* **WHAT THE EXERCISE ASKS**: Below are entries; copy exactly, and only, the lines from the one containing "- The top floor" through their final line, leaving out pictures.

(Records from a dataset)

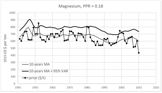 The price of magnesium in 2015 US$ per ton, the 10-year MA, and the MA + eco-costs, where the eco-costs = 95% VAR. Years with extreme price jumps are 1957, 1985, and 2004.
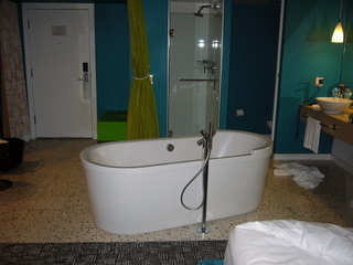 I seem to be devoting a lot of time on this blog to bathrooms I am encountering on my book tour. Maybe it's because when I'm tired, it throws me to find something weird. So far I've had:The large jetted tub in the middle of the room.A large photograph of an Afghan tribesman hanging in the bathroom--actually staring at me. I began to feel that I should be showering in a burka. Whoever thought that was comforting and relaxing bathing art?
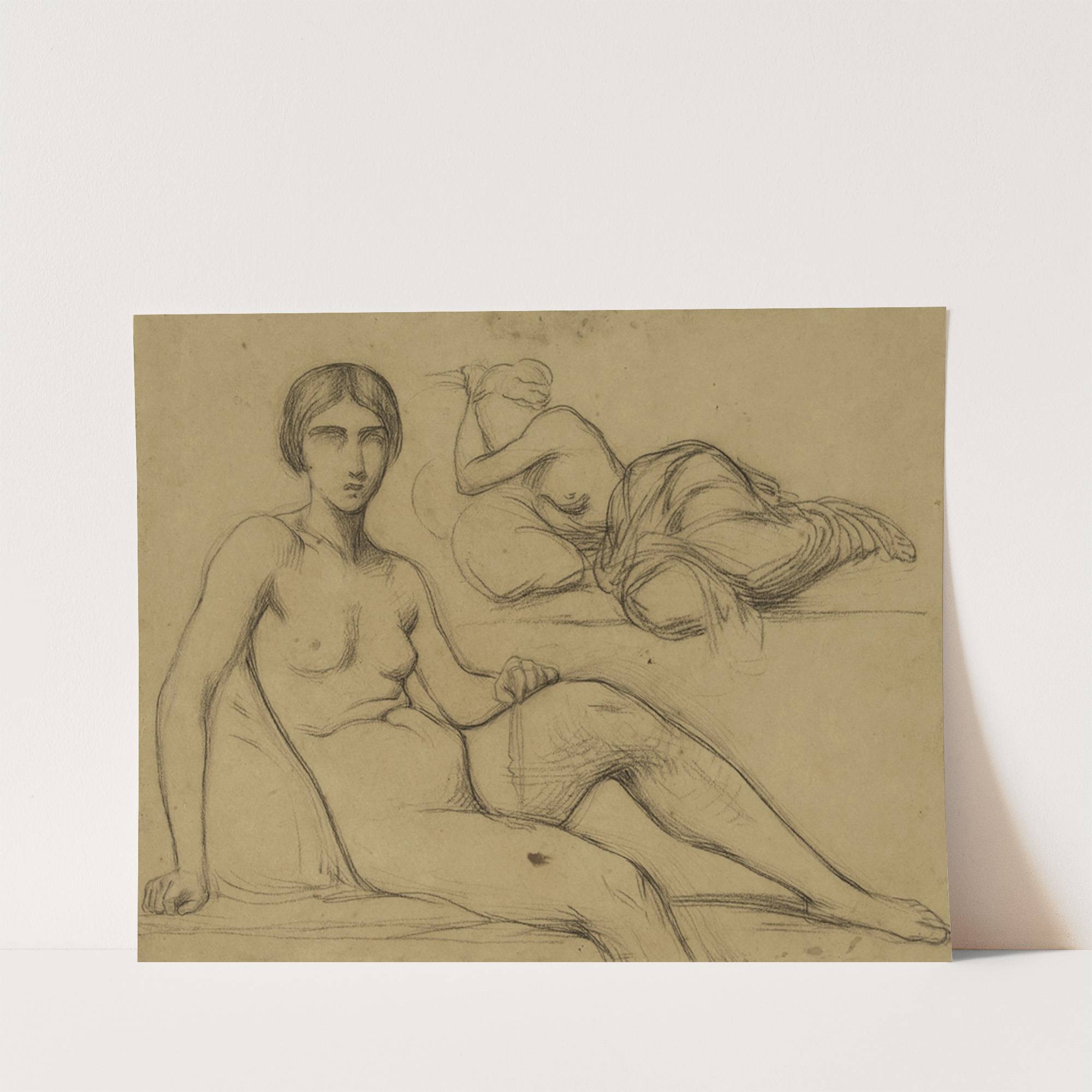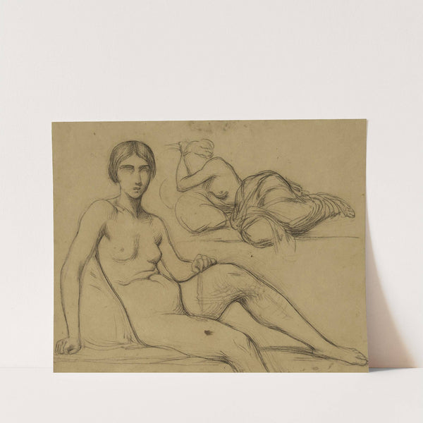 Femme nue assise et femme demie-nue couchée by Jean-Achille Benouville - Wall Art Print
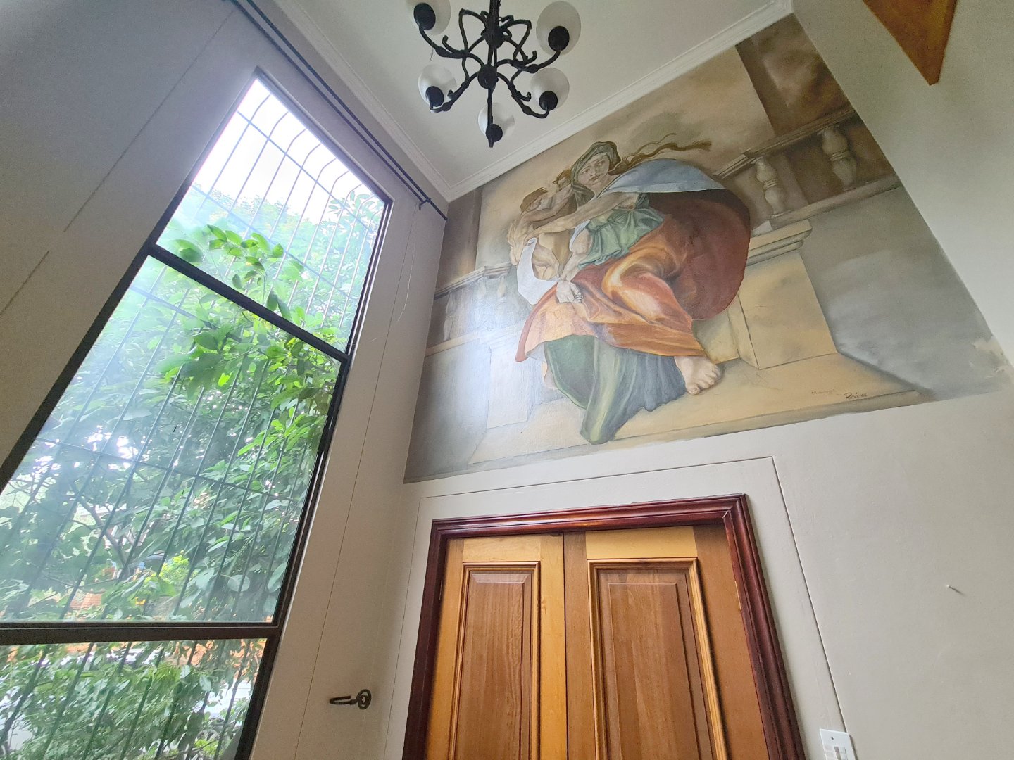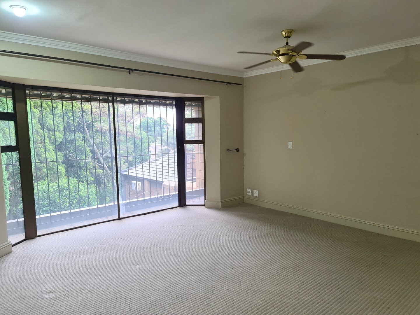 - The top floor balcony is spacious and offers a scenic view of the beautiful, landscaped garden.
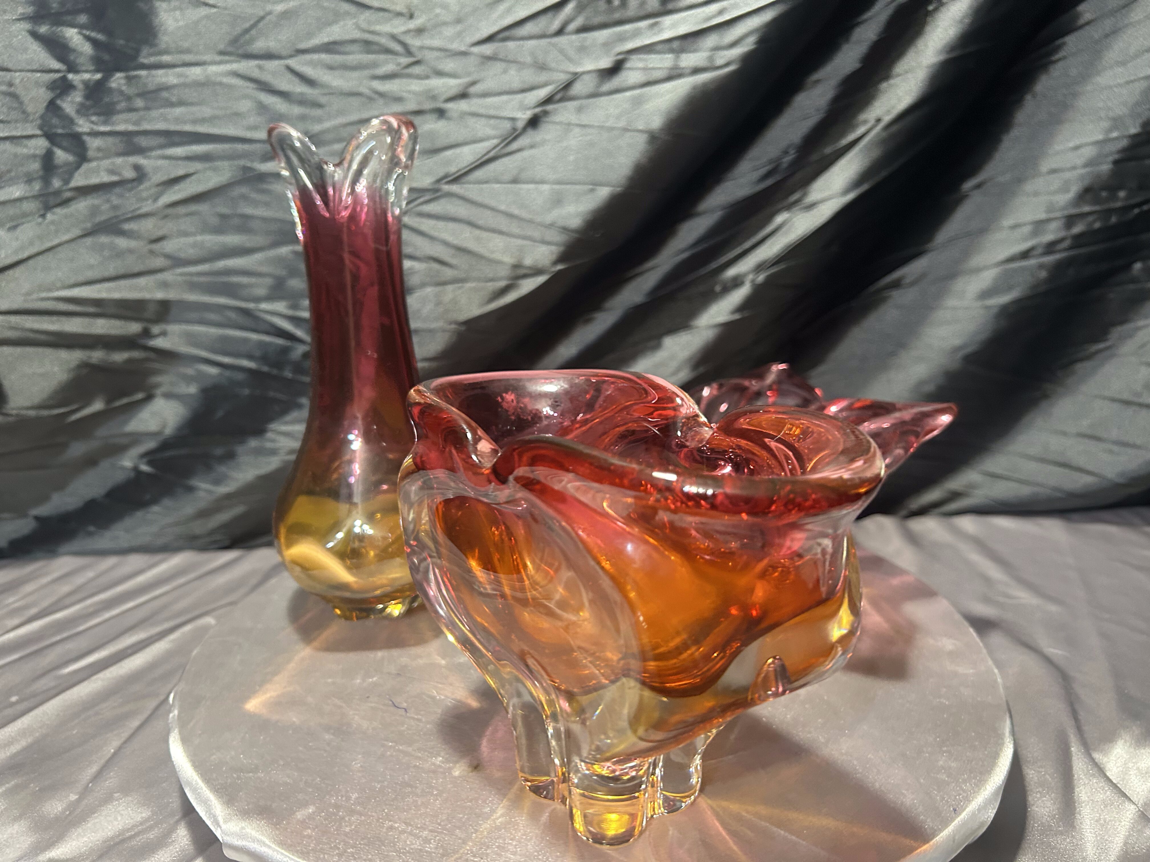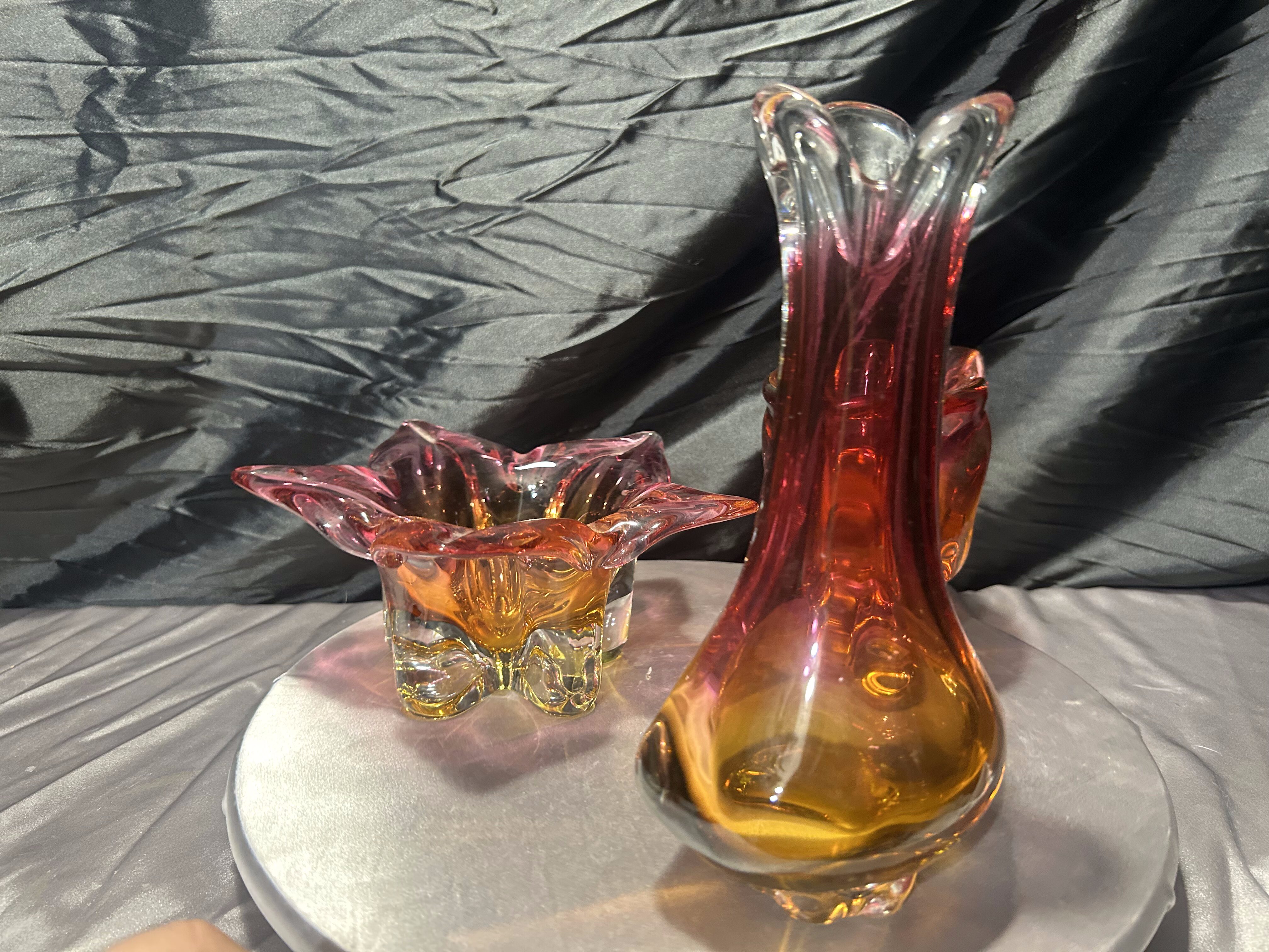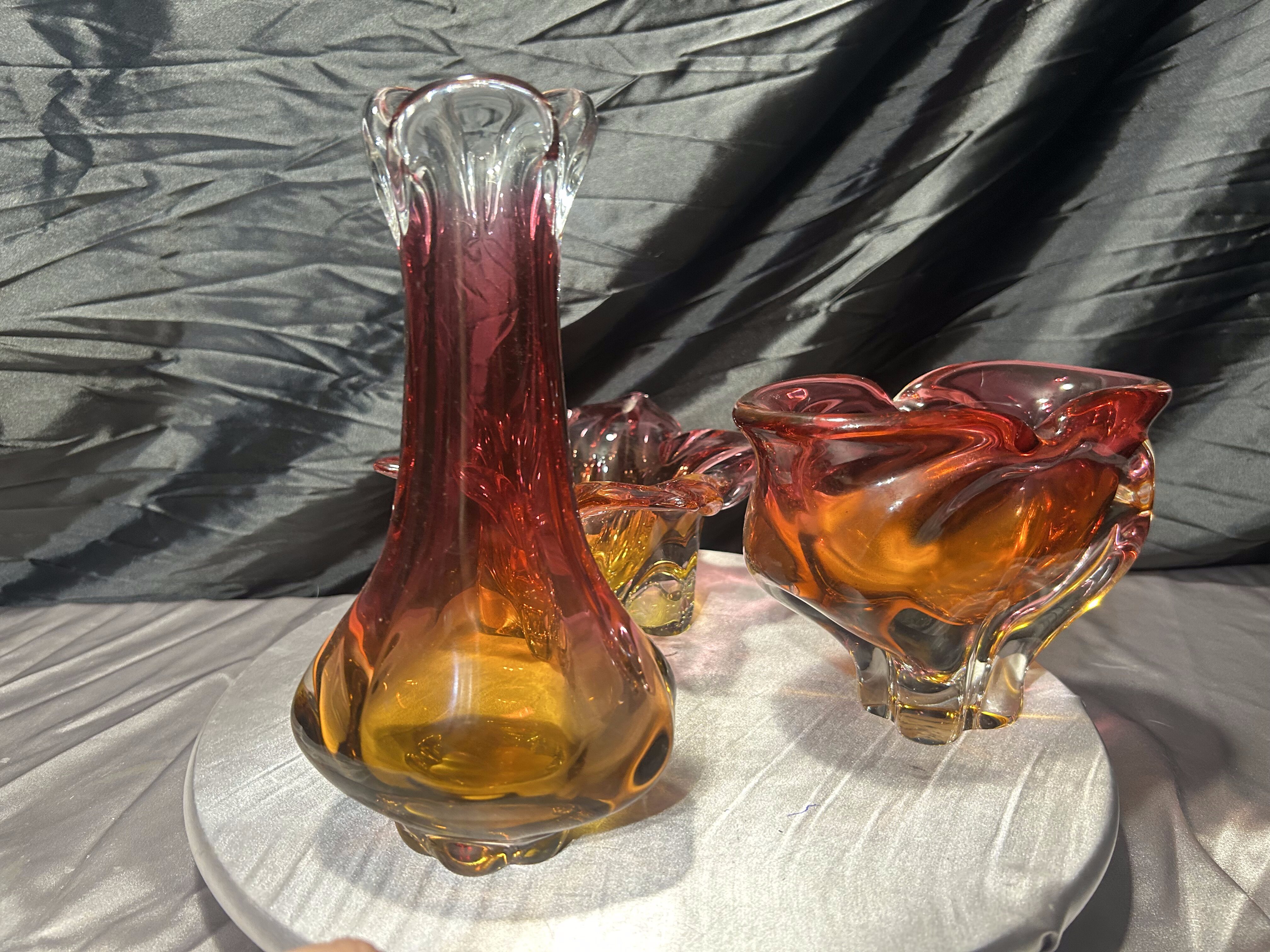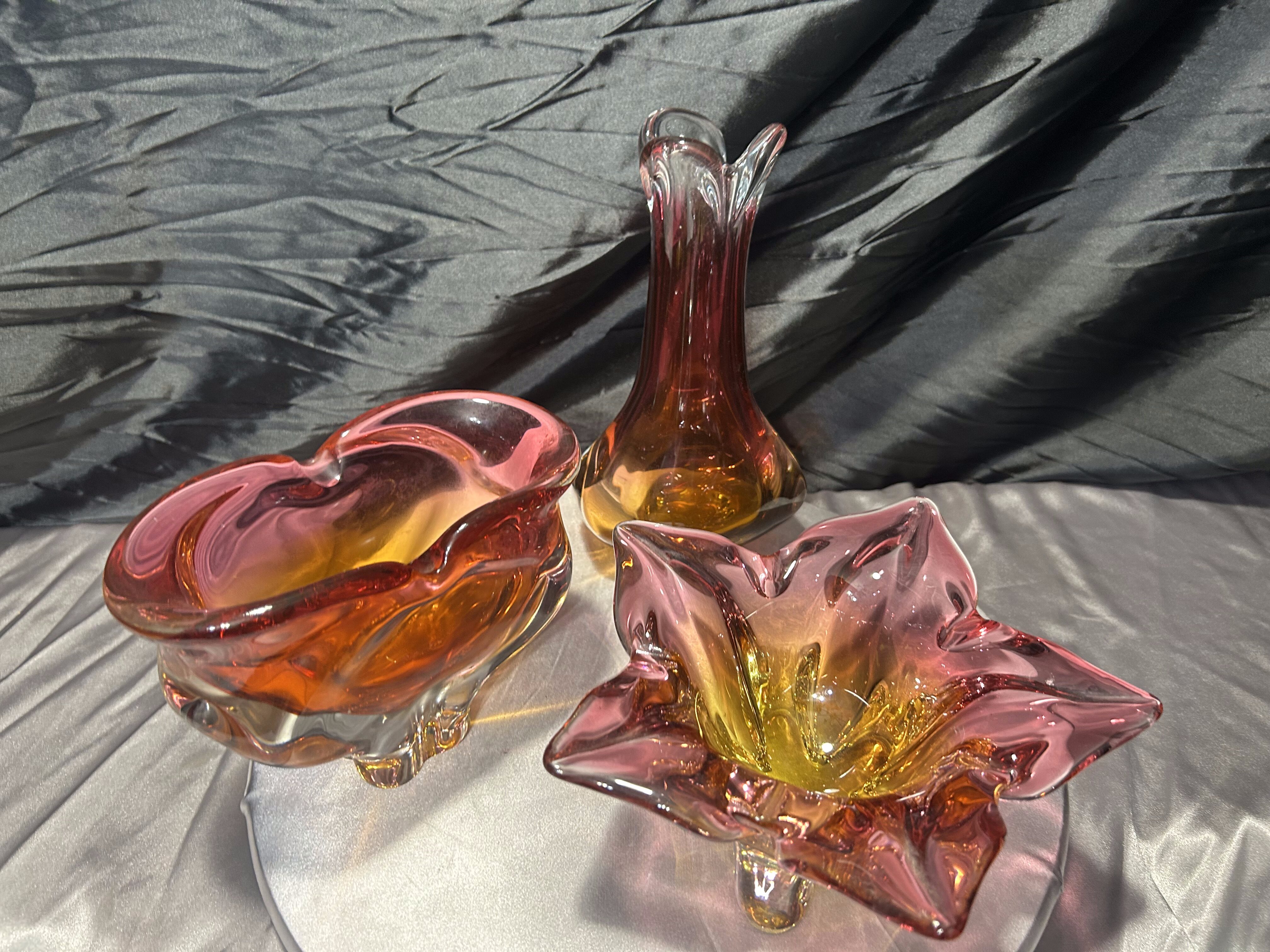 Wyjątkowy komplet trzech szklanych form artystycznych powstałych w słynnej Hucie Bohemia, zaprojektowanych w charakterystycznym stylu jednego z najwybitniejszych czeskich projektantów – Józefa Hospodki. Zestaw obejmuje misę o kwietnym kształcie, podłużną paterę oraz smukły flakon. Wszystkie trzy elementy łączy kunszt ręcznego formowania, przenikanie barw od różu po głęboki bursztyn oraz unikalna płynność form, z której Bohemia znana jest na całym świecie.

* **EXERCISE SOLUTION**:
 - The top floor balcony is spacious and offers a scenic view of the beautiful, landscaped garden.
 Wyjątkowy komplet trzech szklanych form artystycznych powstałych w słynnej Hucie Bohemia, zaprojektowanych w charakterystycznym stylu jednego z najwybitniejszych czeskich projektantów – Józefa Hospodki. Zestaw obejmuje misę o kwietnym kształcie, podłużną paterę oraz smukły flakon. Wszystkie trzy elementy łączy kunszt ręcznego formowania, przenikanie barw od różu po głęboki bursztyn oraz unikalna płynność form, z której Bohemia znana jest na całym świecie.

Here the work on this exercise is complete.